In rendering the opinion expressed below, we have assumed without verification the genuineness of all signatures, the legal capacity of natural persons, the authenticity of all documents submitted to us as originals, the conformity to the originals of all documents submitted to us as copies and the authenticity of the originals of such copies, and the due authorization, execution and delivery of all documents by all parties and the validity, binding effect and enforceability thereof (other than the authorization, execution and delivery of documents by the Company and the validity, binding effect and enforceability thereof upon the Company). In addition, we have assumed and not verified the accuracy as to the factual matters of each document we have reviewed and the accuracy of, and each applicable party’s full compliance with, any representations and warranties contained therein. Accordingly, we are relying upon (without any independent investigation thereof) the truth and accuracy of the statements, covenants, representations and warranties set forth in the documents we have reviewed.

Based upon the foregoing and subject to the assumptions, exceptions, limitations and qualifications set forth herein, we are of the opinion that:

1. The Company is a corporation validly existing and in good standing under the laws of the state of Nevada.

 

2. The Shares have been duly authorized and, when issued and sold in accordance with, and in the manner described in, the Purchase Agreement against receipt of the consideration set forth therein, the Registration Statement and the Prospectus Supplement, such Shares will be validly issued, fully paid and nonassessable.

 

We render this opinion only with respect to, and we express no opinion herein concerning the application or effect of the laws of any jurisdiction other than, the existing laws of the state of Nevada. We express no opinion with respect to any other laws or with respect to the “blue sky” securities laws of any state.
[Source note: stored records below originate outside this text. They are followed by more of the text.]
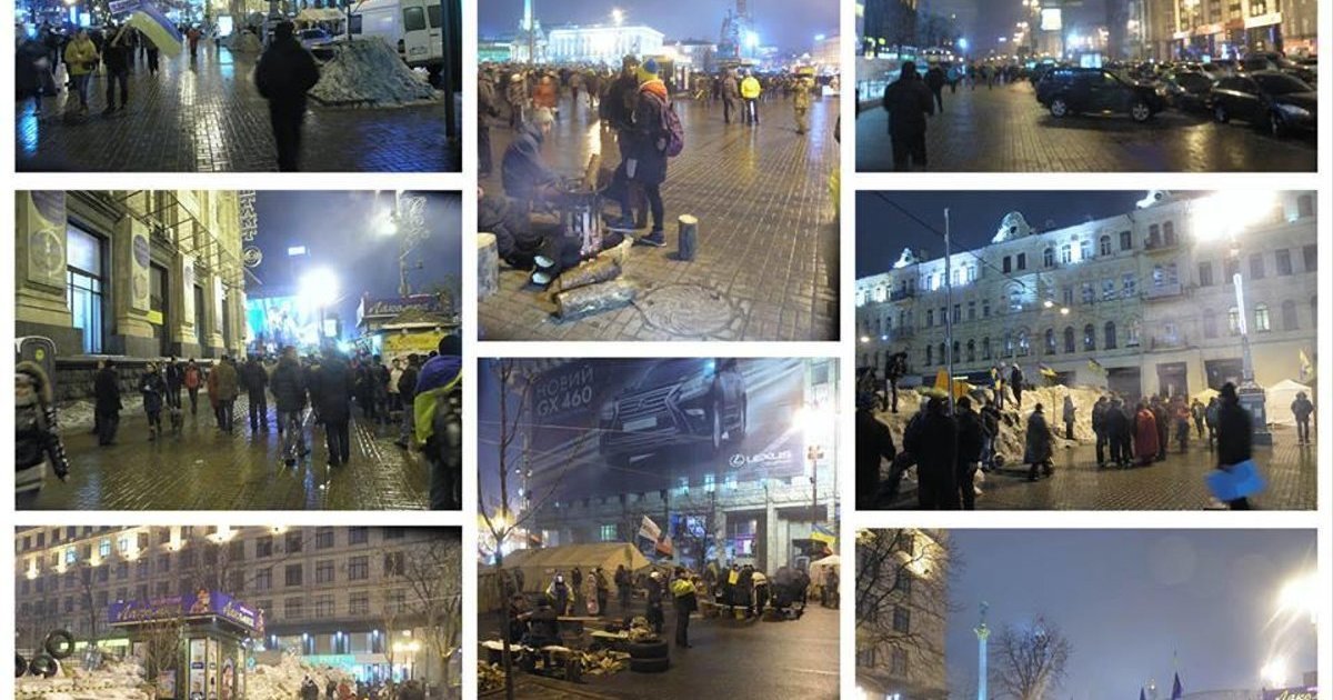 «Просматривая утром ленту, наткнулся на очередные стоны озабоченных чистотой Киева, что митингующие "зас#рают Майдан". Фото сделаны вчера, 12 декабря, около десяти часов вечера в разных точках #Євромайдан и на подходах к нему со стороны Крещатика и Европейской площади. Никакого фотошопа, никакого "специального" выбора точек съемки. Из всей серии выбрал фото в стороне от основного скопления людей, где хорошо видны тротуары и проезжая часть», - подписал фото журналист Сергей Горбачев.
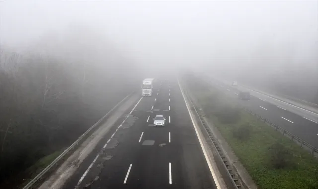 Düzce — Anadolu Otoyolu'nun Düzce kesiminde sis görüş mesafesini düşürdü.
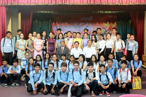 谢莫尼勒阁下向在座的大学生介绍了柬埔寨王家研究孔子学院的工作性质,这是一所传播中国语言和文化的教学机构,也是一所科研机构,更是搭建中柬友谊之桥梁。他还给同学们推荐了几本由孔子学院编著的,介绍中国民俗、在柬华人中华民俗活动的书籍,如《中国灯笼》、《千年友好—中柬交流史话》、《孔子—无冕之王》、《扶南时期的高棉哲学》。最后,勒院长提出了两点希望:一是王家文化与艺术大学派专家来孔院讲授柬埔寨文化;二是在王家文化与艺术大学开设中国文化课程。
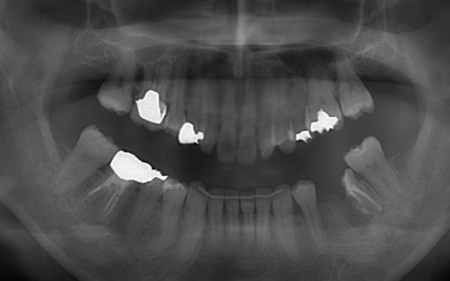 拝見したところ、左下奥歯(第1大臼歯)は以前、歯根分割処置が行われていました。
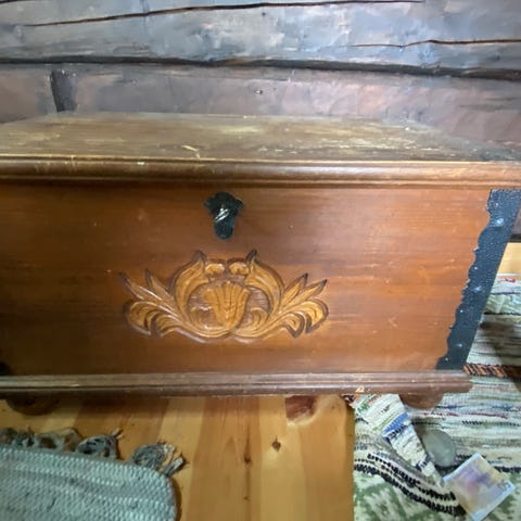 Trälåda för förvaring i vitmålat trä med mörka metallbeslag. Lådan har gångjärn och låsbeslag på framsidan. Passar som förvaringskista i vardagsrum, sovrum eller hall, till exempel för textilier, leksaker eller annan förvaring. Står direkt på golvet med markerad sockel runt om.
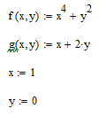 Результат: В первых двух строках вводятся функции, которые определяют систему уравнений. Затем переменным и , относительно которых она будет решаться, присваиваются начальные значения. После этого следует ключевое слово Given и два логических оператора, выражающих рассматриваемую систему уравнений. Завершает вычислительный блок функция Find, значение которой присваивается вектору . В последних двух строках осуществляется проверка правильности решения системы уравнений.

We render this opinion subject to applicable bankruptcy, insolvency (including, without limitation, all laws relating to fraudulent transfer or conveyance), reorganization, moratorium and other similar laws affecting creditors’ rights generally and to general principles of equity (regardless of whether enforcement is sought in a proceeding in equity or at law), including, without limitation, (a) the possible unavailability of specific performance, injunctive relief or any other equitable remedy and (b) concepts of materiality, reasonableness, good faith and fair dealing, and we express no opinion herein with respect to provisions relating to severability or separability.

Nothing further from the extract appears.